From the moment you called (for example, you clicked the button of the form to which the call of the CGI program is attached) the CGI program until you get the result in the browser window the following happens:
- A web client (for example, a browser) creates a connection to the server specified in the URL;
- The web client sends a request to the server, this request is usually done using two methods GET or POST;
- The data from the client's request (for example, the values ​​of the form fields) are transmitted by the server, using the CGI interface, to the CGI program specified in the URL;
- The CGI program processes the client data received from the server and generates a response based on this processing to the client, which it transmits via the same CGI interface to the server, and it in turn sends it to the client directly;
- The server breaks the connection with the client.
In the standard CGI specification, it is assumed that the server can exchange with the program in the following ways:
- Environment variables - they can be set by the server when the program starts;
- Standard input stream (STDIN) - with its help the server can transfer data to the program;
- Standard output stream (STDOUT) - the program can write to it its output, transmitted to the server;
- Command line - in it the server can transfer some parameters to the program.
Standard I / O streams are very convenient and widely used on UNIX systems, which cannot be said about windows, so there is a CGI specification, developed specifically for windows systems and so called “Windows CGI”. But, of course, standard input / output streams can also be used in windows CGI programming. Here I will not touch the “Windows CGI” standard, and there are at least two reasons for this - the first and most important - at the moment not all http-servers for windows support this specification (in particular, my favorite Apache 1.3.19) . You can observe the second reason by typing “Windows CGI” in any search engine. I’ll note only general details about this interface - all data from the server to the client is transmitted via a file common for windows * .ini, the name of which is transferred to the program on the command line. At the same time, all the data in the file is already carefully divided into sections by the server and all you need to do is to extract them from there using the functions “GetPrivateProfile *”. The response to the server is transmitted again via the file whose name is indicated in the corresponding ini-file entry.
What data can be transferred by the client to the CGI program? - almost any. In the general case, the program transfers the values ​​of the form fields that the client fills, but it can also be any binary data, such as a file with a picture or music.

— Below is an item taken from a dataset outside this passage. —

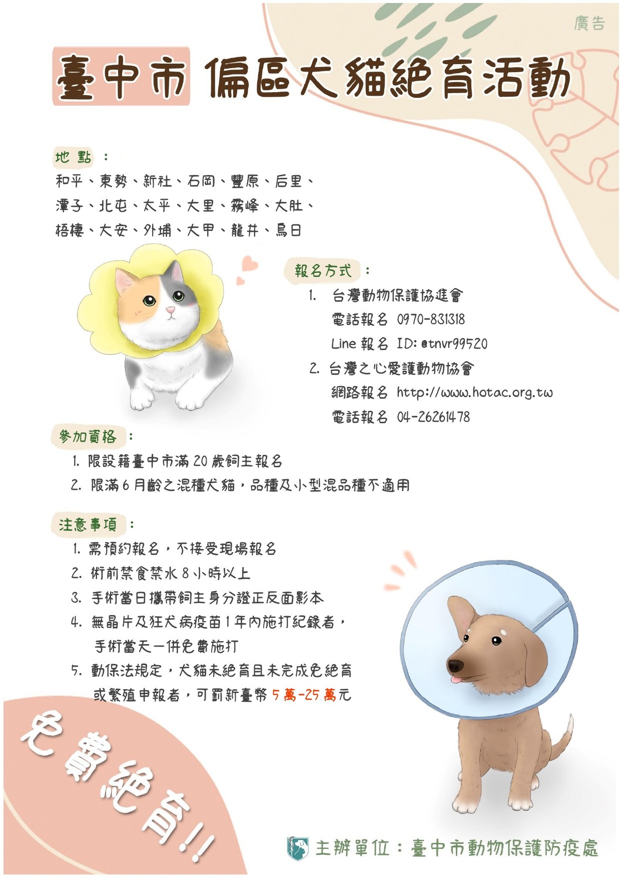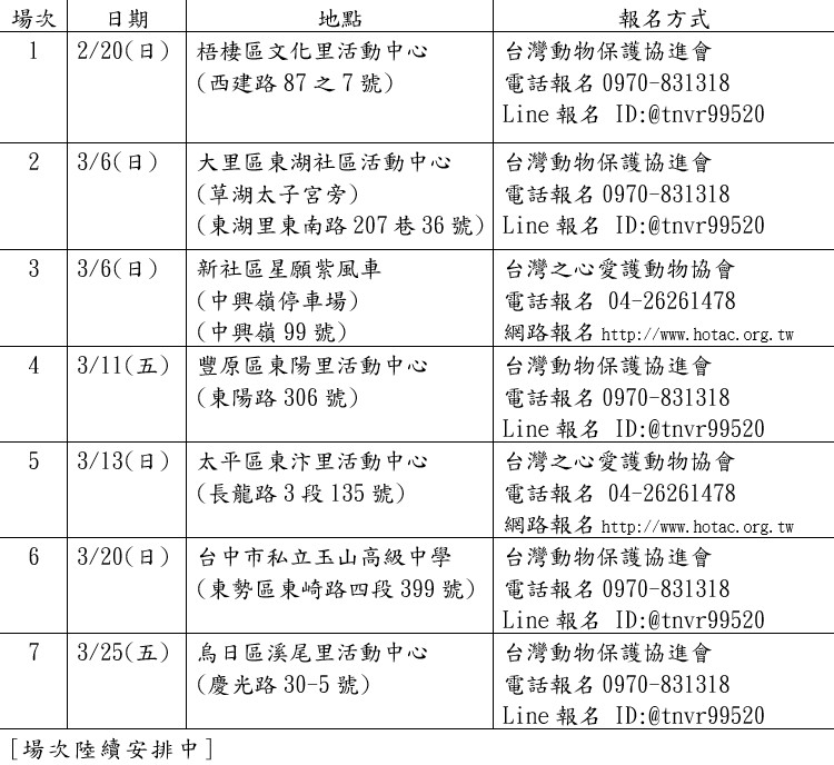 動保處說明,活動需預約報名,不接受現場報名;活動限犬貓飼養地點在台中市,同時飼主必須是設籍在台中市、年滿20歲的成年人報名;參加活動犬貓限滿6月齡的混種犬貓,品種及小型混品種犬貓不適用;參加活動犬貓需健康狀況良好,並於活動手術前至少禁食禁水8小時以上。

Data can be transferred to the server by two different methods - this is the GET method and the POST method. When we create a form to fill in on our page, we clearly indicate which of the methods we want to send the data entered by the user, this is done in the main form tag like this:
When sending data using the GET method, the browser reads the data from the form and is placed after the script URL, after the question mark, if there are several significant fields in the form, they are all transmitted through the “&” sign, the field name and its value are written to the URL via the “ = ". For example, the request generated by the browser from the form when you click on the button to which the script “/cgi-bin/test.exe” is attached, taking into account that the first field of the form is called “your_name”, the second one - “your_age” may look like this:
GET /cgi-bin/test.exe?your_name=Pupkin&your_age=90 HTTP / 1.0
Using the GET method has several weaknesses at once - the first and most important thing is because the data is transferred to the URL then it has a limit on the amount of this most transmitted data. The second weakness again arises from the URL - this is confidentiality, with such a transfer, the data remain completely open. So, it’s good if we have 2-3 small fields in the form ... the question is what to do if there is more data? The answer is to use the POST method!
When using the POST method, the data is transmitted to the server as a data block, rather than in a URL, which gives us a few hands off to increase the amount of information transmitted. For the above example of a POST form, the block sent to the server will be something like this:

POST /cgi-bin/test.exe HTTP/1.0
Accept: text/plain
Accept: text/html
Accept: */*
Content-type: application/x-www-form-urlencoded
Content-length: 36
your_name=Pupkin&your_age=90


As mentioned above, after receiving the data, the server must convert it and transfer it to the CGI program. In the standard CGI specification, the data entered by the client at the request of GET is placed by the server into the environment variable of the program QUERY_STRING. When requesting a POST, data is placed into the standard input stream of the application, from where it can be read. In addition, with such a request, the server sets two more environment variables, CONTENT_LENGTH and CONTENT_TYPE, by which it is possible to judge the length of the request in bytes and its content.
In addition to the data itself, other environment variables of the called program are set by the server, I will cite some of them:
')
REQUEST_METHOD
Describes how exactly the data is obtained.
Example: REQUEST_METHOD = GET

QUERY_STRING
The query string if the GET method was used.
Example: QUERY_STRING = your_name = Pupkin & your_age = 90 & hobby = asm

CONTENT_LENGTH
Length in bytes of the request body
Example: CONTENT_LENGTH = 31

CONTENT_TYPE
Request body type

GATEWAY_INTERFACE
CGI protocol version
Example: GATEWAY_INTERFACE = CGI / 1.1

REMOTE_ADDR
The IP address of the remote host, that is, the client who pressed a button in the form
Example: REMOTE_ADDR = 10.21.23.10

REMOTE_HOST
The name of the remote host, it can be its domain name or for example the name of the computer in the Windows environment, if they cannot be received, the field contains its IP
Example: REMOTE_HOST = wasm.ru

SCRIPT_NAME
The name of the script used in the request.
Example: SCRIPT_NAME = / cgi-bin / gols.pl

SCRIPT_FILENAME
The name of the script file on the server.
Example: SCRIPT_FILENAME = c: /page/cgi-bin/gols.pl

SERVER_SOFTWARE
Server software
Example: Apache / 1.3.19 (WIN32)
The called CGI program can read any of its environment variables set by the server and use it to its advantage.
In general, this is in short everything, for more detailed information about the General Gateway Interface, see the specialized documentation, I made this description to remind you, and if you didn’t know, bring it up to date. Let's try to do something in practice.

Practical part

For practice, we will need at least 3 things - some http-server for Windows, I tried all the examples on Apache 1.3.19 for Windows, the server is free, you can download it from i
Yes, and we need the server not anyhow - which one, but configured to run cgi-scripts! How this is done for the server you are using, see the documentation. The second thing that we need is, of course, an assembler, it is also necessary that the compiler supports the creation of WIN32 console applications, I use Tasm, but both Fasm and Masm and many other * asm'ov are perfect. And finally, the most important thing is that this desire is required.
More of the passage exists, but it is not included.